Exercise description: Pictures don't belong in the copy; print all the records exactly.

--- Information supplied Enclosed Below ---

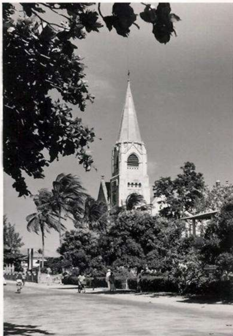
Dar es Salaam
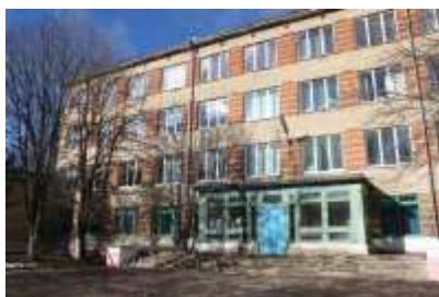
Учебный корпус №2
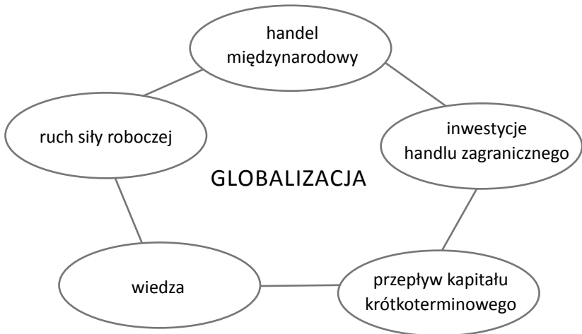
Rysunek 2. Elementy globalizacji

Źródło: J. E. Stiglitz, Globalization and growth in emerging markets , „Journal of Policy Modeling” 2004, no 26, s. 470.
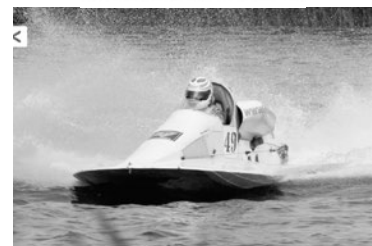
Latvijas čempionāts ātruma laivām 2. posms
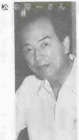
日本大学国際関係学部教授、元毎日新聞論説副主幹、モスクワ支局長ほか。
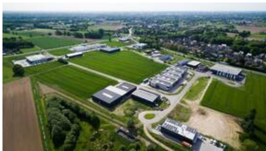
Luftbildansicht Gewerbegebiet Holtwick
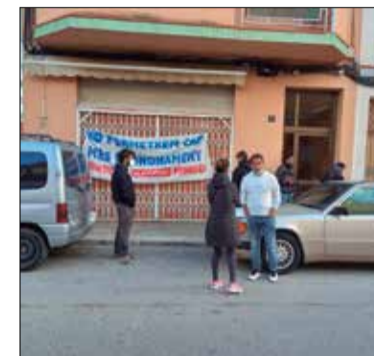
✱ SINDICAT DE LLOGATERES

Aquesta setmana el Sindicat de Llogateres del Penedès ha encarat dos desnonaments al barri de l'Espiral de Vilafranca. El primer es va aconseguir aturar dijous al matí gràcies a la pressió de la gent al carrer: "feia només una setmana que sabíem que hi havia aquest desnonament, que ens ha arribat des de Serveis Socials. En aquest cas volien fer fora de casa una mare amb el seu fill menor d'edat, família que comptava amb el certificat de vulnerabilitat i que havia deixat de pagar lloguer temps enrere perquè no s'ho podien permetre", expliquen des del Sindicat. Aquest certificat, que atorga Serveis Socials, ha de servir per impedir els desnonaments o endarrerir-los des de l'estat d'alarma, però el termini finalitza aquest octubre. "Veiem a venir que en quinze dies hi haurà una allau de desnonaments de les famílies més vulnerables, que se sumaran als que ja estem vivint ara", afegeixen. Divendres 8 hi ha un altre desnonament, aquesta vegada a una família amb fills menors i majors d'edat, de la qual el Sindicat ha tingut coneixement aquest mateix dimecres: "molta gent no ens coneix i demanen ajuda amb poc temps de marge, i a més des del Jutjat sovint no donen resposta i ens tenen esperant hores al carrer sense saber què passarà, sembla que no els importi jugar amb la vida de la gent", apunten.

--- End of Enclosed Information supplied ---

Answer:
Dar es Salaam
Учебный корпус №2
Rysunek 2. Elementy globalizacji

Źródło: J. E. Stiglitz, Globalization and growth in emerging markets , „Journal of Policy Modeling” 2004, no 26, s. 470.
Latvijas čempionāts ātruma laivām 2. posms
日本大学国際関係学部教授、元毎日新聞論説副主幹、モスクワ支局長ほか。
Luftbildansicht Gewerbegebiet Holtwick
✱ SINDICAT DE LLOGATERES

Aquesta setmana el Sindicat de Llogateres del Penedès ha encarat dos desnonaments al barri de l'Espiral de Vilafranca. El primer es va aconseguir aturar dijous al matí gràcies a la pressió de la gent al carrer: "feia només una setmana que sabíem que hi havia aquest desnonament, que ens ha arribat des de Serveis Socials. En aquest cas volien fer fora de casa una mare amb el seu fill menor d'edat, família que comptava amb el certificat de vulnerabilitat i que havia deixat de pagar lloguer temps enrere perquè no s'ho podien permetre", expliquen des del Sindicat. Aquest certificat, que atorga Serveis Socials, ha de servir per impedir els desnonaments o endarrerir-los des de l'estat d'alarma, però el termini finalitza aquest octubre. "Veiem a venir que en quinze dies hi haurà una allau de desnonaments de les famílies més vulnerables, que se sumaran als que ja estem vivint ara", afegeixen. Divendres 8 hi ha un altre desnonament, aquesta vegada a una família amb fills menors i majors d'edat, de la qual el Sindicat ha tingut coneixement aquest mateix dimecres: "molta gent no ens coneix i demanen ajuda amb poc temps de marge, i a més des del Jutjat sovint no donen resposta i ens tenen esperant hores al carrer sense saber què passarà, sembla que no els importi jugar amb la vida de la gent", apunten.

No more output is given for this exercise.